◆ Task brief ◆
From the line with "Design Elegant - Tull" through the line with "Bei dem hier", repeat the entries verbatim, both end lines included, and add nothing.

◆ Data provided ◆
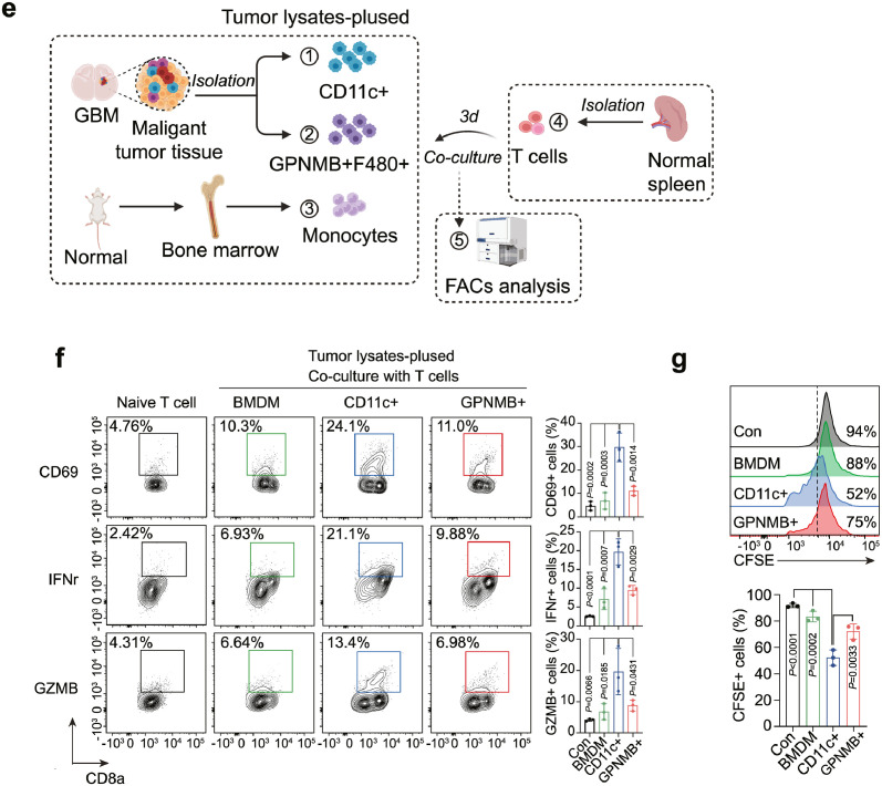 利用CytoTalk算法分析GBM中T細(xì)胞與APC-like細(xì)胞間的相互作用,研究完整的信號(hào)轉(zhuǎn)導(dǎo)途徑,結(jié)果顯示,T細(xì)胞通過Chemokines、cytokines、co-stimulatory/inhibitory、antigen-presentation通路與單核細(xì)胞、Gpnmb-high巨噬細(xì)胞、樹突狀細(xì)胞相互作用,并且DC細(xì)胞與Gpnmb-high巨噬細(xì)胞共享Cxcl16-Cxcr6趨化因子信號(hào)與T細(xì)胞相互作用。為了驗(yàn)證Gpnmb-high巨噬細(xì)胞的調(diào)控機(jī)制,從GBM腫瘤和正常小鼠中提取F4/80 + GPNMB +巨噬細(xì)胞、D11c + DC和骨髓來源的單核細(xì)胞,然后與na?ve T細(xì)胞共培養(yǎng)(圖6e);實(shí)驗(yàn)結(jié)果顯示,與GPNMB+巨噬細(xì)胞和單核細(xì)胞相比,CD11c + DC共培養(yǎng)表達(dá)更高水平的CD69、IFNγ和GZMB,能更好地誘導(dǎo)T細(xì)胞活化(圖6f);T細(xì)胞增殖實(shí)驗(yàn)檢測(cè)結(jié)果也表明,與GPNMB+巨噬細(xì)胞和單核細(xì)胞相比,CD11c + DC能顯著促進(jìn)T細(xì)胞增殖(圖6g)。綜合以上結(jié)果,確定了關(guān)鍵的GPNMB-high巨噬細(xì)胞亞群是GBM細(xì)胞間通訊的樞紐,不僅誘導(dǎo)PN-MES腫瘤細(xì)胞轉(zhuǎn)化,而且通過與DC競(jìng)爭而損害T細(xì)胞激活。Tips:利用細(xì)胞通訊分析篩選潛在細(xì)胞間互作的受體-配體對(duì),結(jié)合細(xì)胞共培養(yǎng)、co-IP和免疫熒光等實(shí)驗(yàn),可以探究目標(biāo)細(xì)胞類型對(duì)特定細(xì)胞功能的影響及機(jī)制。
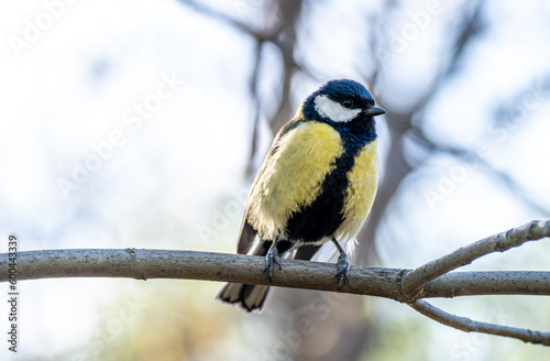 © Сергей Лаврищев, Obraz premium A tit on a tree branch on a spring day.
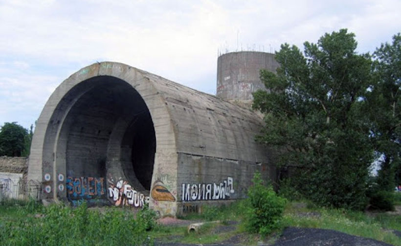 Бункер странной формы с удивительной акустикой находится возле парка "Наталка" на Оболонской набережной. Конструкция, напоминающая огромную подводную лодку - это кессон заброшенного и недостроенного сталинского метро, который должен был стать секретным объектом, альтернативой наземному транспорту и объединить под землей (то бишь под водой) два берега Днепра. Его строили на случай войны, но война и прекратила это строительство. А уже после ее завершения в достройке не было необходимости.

---

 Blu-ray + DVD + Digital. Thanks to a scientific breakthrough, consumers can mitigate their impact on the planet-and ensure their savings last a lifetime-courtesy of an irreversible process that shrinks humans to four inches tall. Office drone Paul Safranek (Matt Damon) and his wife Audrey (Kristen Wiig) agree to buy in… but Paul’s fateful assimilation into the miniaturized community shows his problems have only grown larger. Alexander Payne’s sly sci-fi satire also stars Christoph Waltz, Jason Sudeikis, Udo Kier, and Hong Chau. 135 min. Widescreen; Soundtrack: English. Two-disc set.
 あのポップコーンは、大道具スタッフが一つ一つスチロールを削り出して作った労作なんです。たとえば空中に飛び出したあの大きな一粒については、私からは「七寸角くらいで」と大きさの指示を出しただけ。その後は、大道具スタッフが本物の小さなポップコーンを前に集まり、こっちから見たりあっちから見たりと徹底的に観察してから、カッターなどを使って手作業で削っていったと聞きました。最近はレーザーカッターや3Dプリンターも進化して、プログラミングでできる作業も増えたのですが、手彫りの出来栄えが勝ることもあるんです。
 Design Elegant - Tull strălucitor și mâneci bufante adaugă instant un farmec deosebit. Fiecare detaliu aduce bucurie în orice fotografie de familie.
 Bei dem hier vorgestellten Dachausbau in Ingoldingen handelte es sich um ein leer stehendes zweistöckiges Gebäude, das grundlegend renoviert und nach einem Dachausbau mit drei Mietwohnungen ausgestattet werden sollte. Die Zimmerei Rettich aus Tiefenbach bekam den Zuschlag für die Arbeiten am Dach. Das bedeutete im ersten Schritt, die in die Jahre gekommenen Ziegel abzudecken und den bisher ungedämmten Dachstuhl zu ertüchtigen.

◆ Solution to this problem ◆
 Design Elegant - Tull strălucitor și mâneci bufante adaugă instant un farmec deosebit. Fiecare detaliu aduce bucurie în orice fotografie de familie.
 Bei dem hier vorgestellten Dachausbau in Ingoldingen handelte es sich um ein leer stehendes zweistöckiges Gebäude, das grundlegend renoviert und nach einem Dachausbau mit drei Mietwohnungen ausgestattet werden sollte. Die Zimmerei Rettich aus Tiefenbach bekam den Zuschlag für die Arbeiten am Dach. Das bedeutete im ersten Schritt, die in die Jahre gekommenen Ziegel abzudecken und den bisher ungedämmten Dachstuhl zu ertüchtigen.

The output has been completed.